Observation: Some of the timestamps are not exactly on the half-hour
Question: How many of the timestamps are not exactly on the half-hour?

In [None]:
# inspect and fix records not exactly on the half-hour
offRecs = aggLoad.query("DateTime.dt.minute not in (0,30) or DateTime.dt.second != 0")
# aggLoad["DateTime"].dt.hour > 30
print('Records not exactly on the half-hour: ', offRecs)
print(offRecs.info())

# delete records not exactly on the half-hour
aggLoad = aggLoad.drop(offRecs.index)

offRecs = aggLoad.query("DateTime.dt.minute not in (0,30) or DateTime.dt.second != 0")
print('Records not exactly on the half-hour: ', offRecs)

In [None]:
# check for missing records in the aggregate load time series
# create reference time series
minTimestamp = aggLoad.index.min()
maxTimestamp = aggLoad.index.max()

print('minTimestamp: ', minTimestamp)
print('maxTimestamp: ', maxTimestamp)

date_range = pd.date_range(minTimestamp, maxTimestamp, freq='30Min')
reference_df = pd.DataFrame(np.random.randint(1, 20, (date_range.shape[0], 1)))
reference_df.index = date_range  # set index

print('reference index length: ', reference_df.shape)
print('aggLoad index length: ', aggLoad.shape)

print('reference_df: ', reference_df)
print('aggLoad: ', aggLoad)

print('reference index: ', reference_df.index)
print('aggLoad index: ', aggLoad.index)

# check for missing datetimeindex values based on reference index (with all values)
missing_dates = reference_df.index[~reference_df.index.isin(aggLoad.index)]
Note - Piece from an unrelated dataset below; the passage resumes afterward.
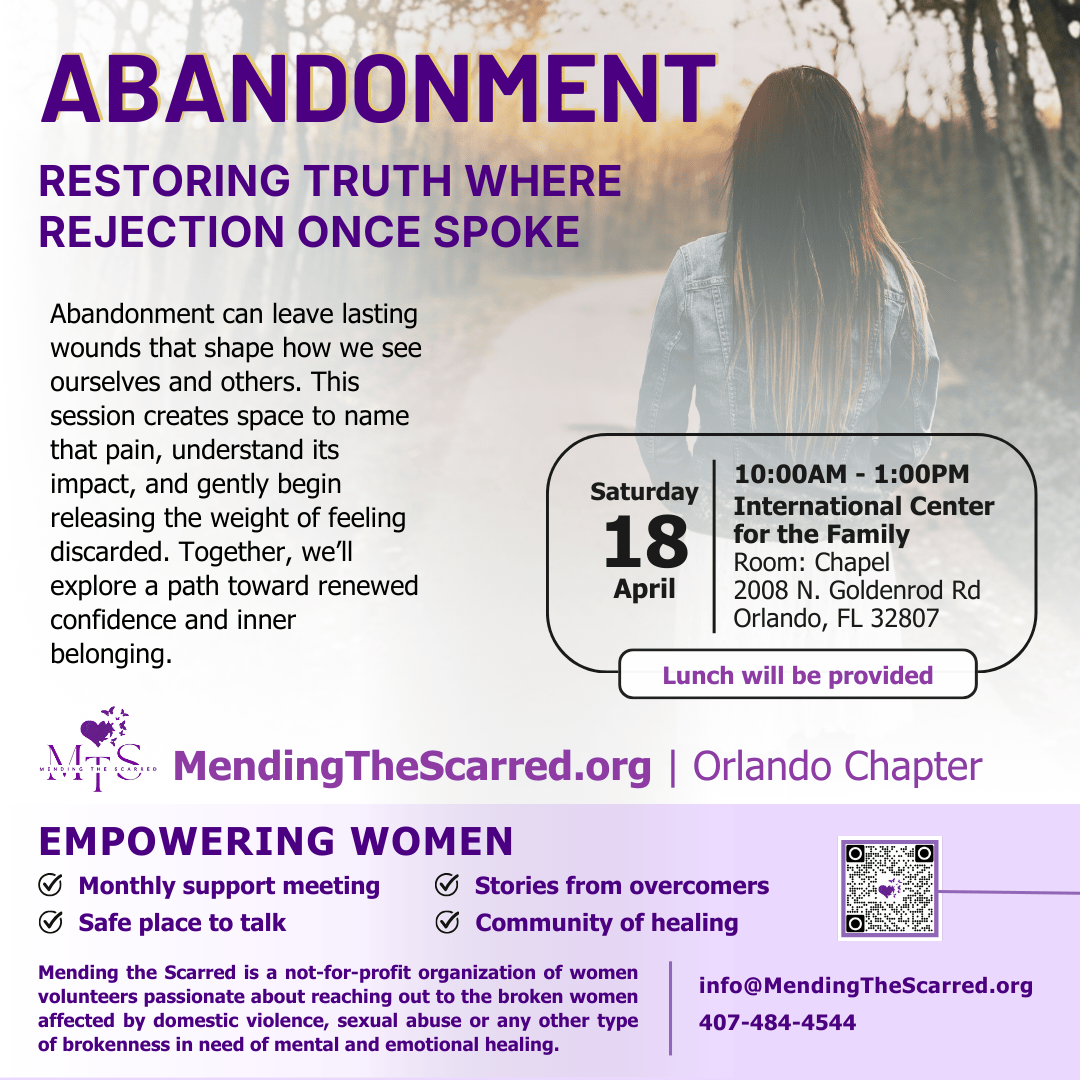 Abandonment can leave quiet but lasting scars on the heart. It often shapes how we see ourselves and how we relate to others. In this month’s gathering, we will gently acknowledge those wounds, explore how they affect our lives, and begin releasing the heavy feeling of being rejected, forgotten or left behind. Together, we will move toward healing, renewed confidence, and a deeper sense of belonging.

print('missing_dates: ', missing_dates)

In [None]:
# check the regularity of the observations (time between observations)
# print(pd.infer_freq(train_data.DateTime))
aggLoad.index.to_series().diff().value_counts()

In [None]:
# Calculate moving average and stddev
window_size = int(len(aggLoad.AggregateLoad) / 10)
print(window_size)

aggLoadMovingStdev = aggLoad.AggregateLoad.rolling(window_size).std()
aggLoadMovingStdev.columns = ['MovingStdev']
# aggLoadMovingStdev.columns.values[0] = 'MovingStdev'

aggLoadMovingAvg = aggLoad.AggregateLoad.rolling(window_size).mean()
aggLoadMovingAvg.columns = ['MovingAvg']

print('aggLoadMovingStdev:\n', aggLoadMovingStdev)
print(aggLoadMovingStdev.info())
print('aggLoadMovingAvg:\n', aggLoadMovingAvg)
print(aggLoadMovingAvg.info())

# aggLoad['MovingStdev'] = aggLoad.AggregateLoad.rolling(window_size).std()
# aggLoad['MovingAvg'] = aggLoad.AggregateLoad.rolling(window_size).mean()
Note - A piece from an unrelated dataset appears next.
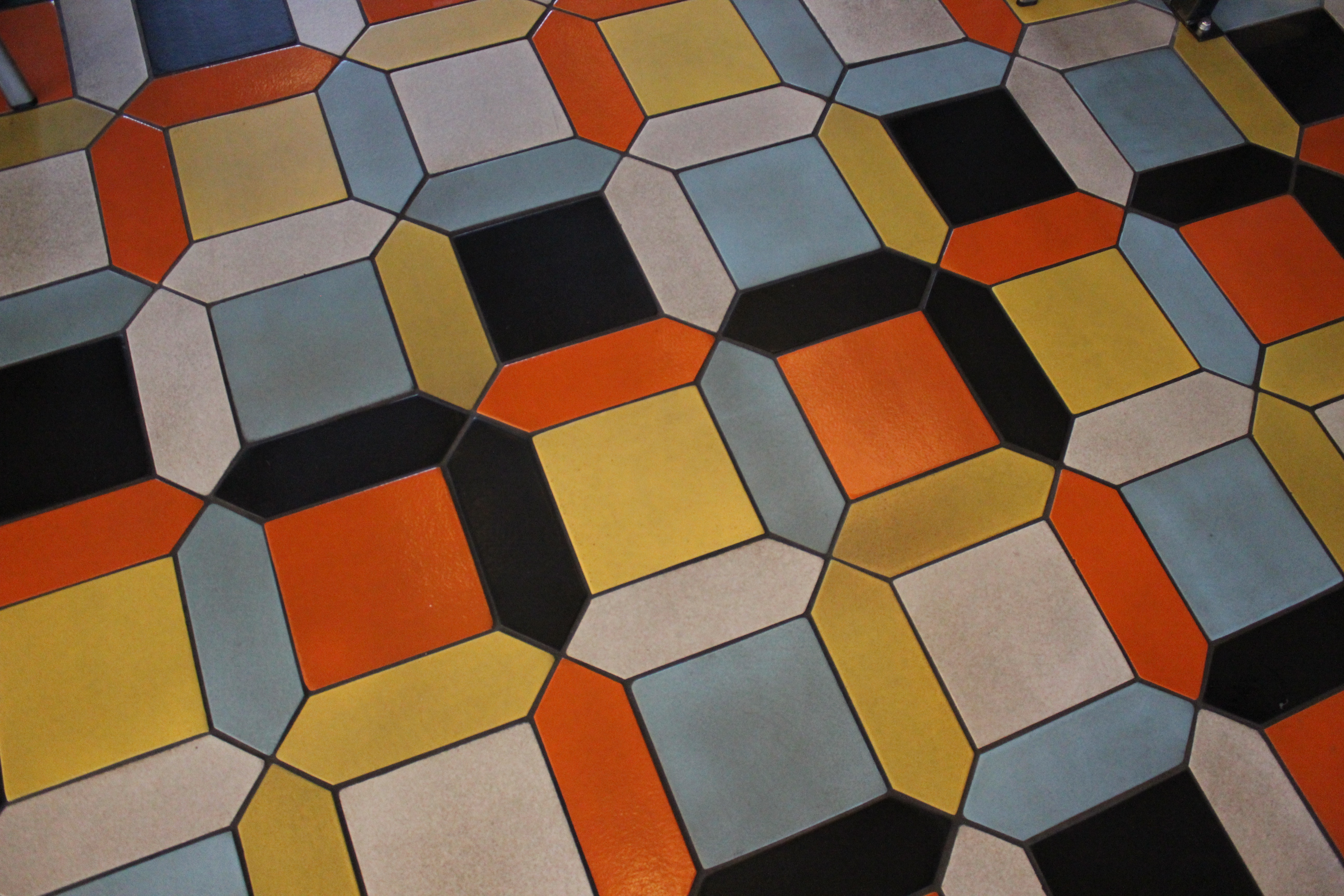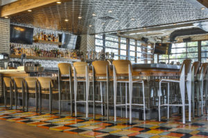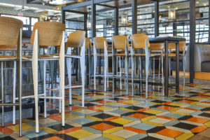 Our unglazed ceramic and high fired glazed tiles have all been tested and meet DCOF requirements for slip resistance (except for our Hazard County Orange and Apple Valley Red glazes.  However, even these two glazes can be used in wet areas and commercial applications if we add grit (sand) to the glazed surface.  A good example is the Mighty Kitchen restaurant in Los Alamitos shown below.  The designers wanted to use Hazard County Orange in their multi color picket pattern so we added grit to increase the slip resistance.

# print('aggLoad.MovingStdev:\n', aggLoad.MovingStdev)
# print('aggLoad.MovingAvg:\n', aggLoad.MovingAvg)



In [None]:
print(aggLoad)

fig, ax = plt.subplots(figsize=(20,7))
ax.plot(aggLoad.DateTime, aggLoad.AggregateLoad)
# ax.plot(aggLoad.DateTime, aggLoad.MovingAvg, linewidth=3)
# ax.plot(aggLoad.DateTime, aggLoad.MovingStdev, linewidth=3)
ax.plot(aggLoad.DateTime, aggLoadMovingAvg, linewidth=3)
ax.plot(aggLoad.DateTime, aggLoadMovingStdev, linewidth=3)

ax.set(xlabel='time (s)', ylabel='KWH/hh',
       title='Aggregate Household load 2012-2014')
plt.tick_params(rotation=45)
ax.grid()

fig.savefig("Aggregate Household load 2012-2014.png")
plt.show()

In [None]:
aggLoad.head()


In [None]:
fig, ax = plt.subplots(figsize=(20,7))
ax.plot(aggLoad.DateTime[10000:15000], aggLoad.AggregateLoad[10000:15000])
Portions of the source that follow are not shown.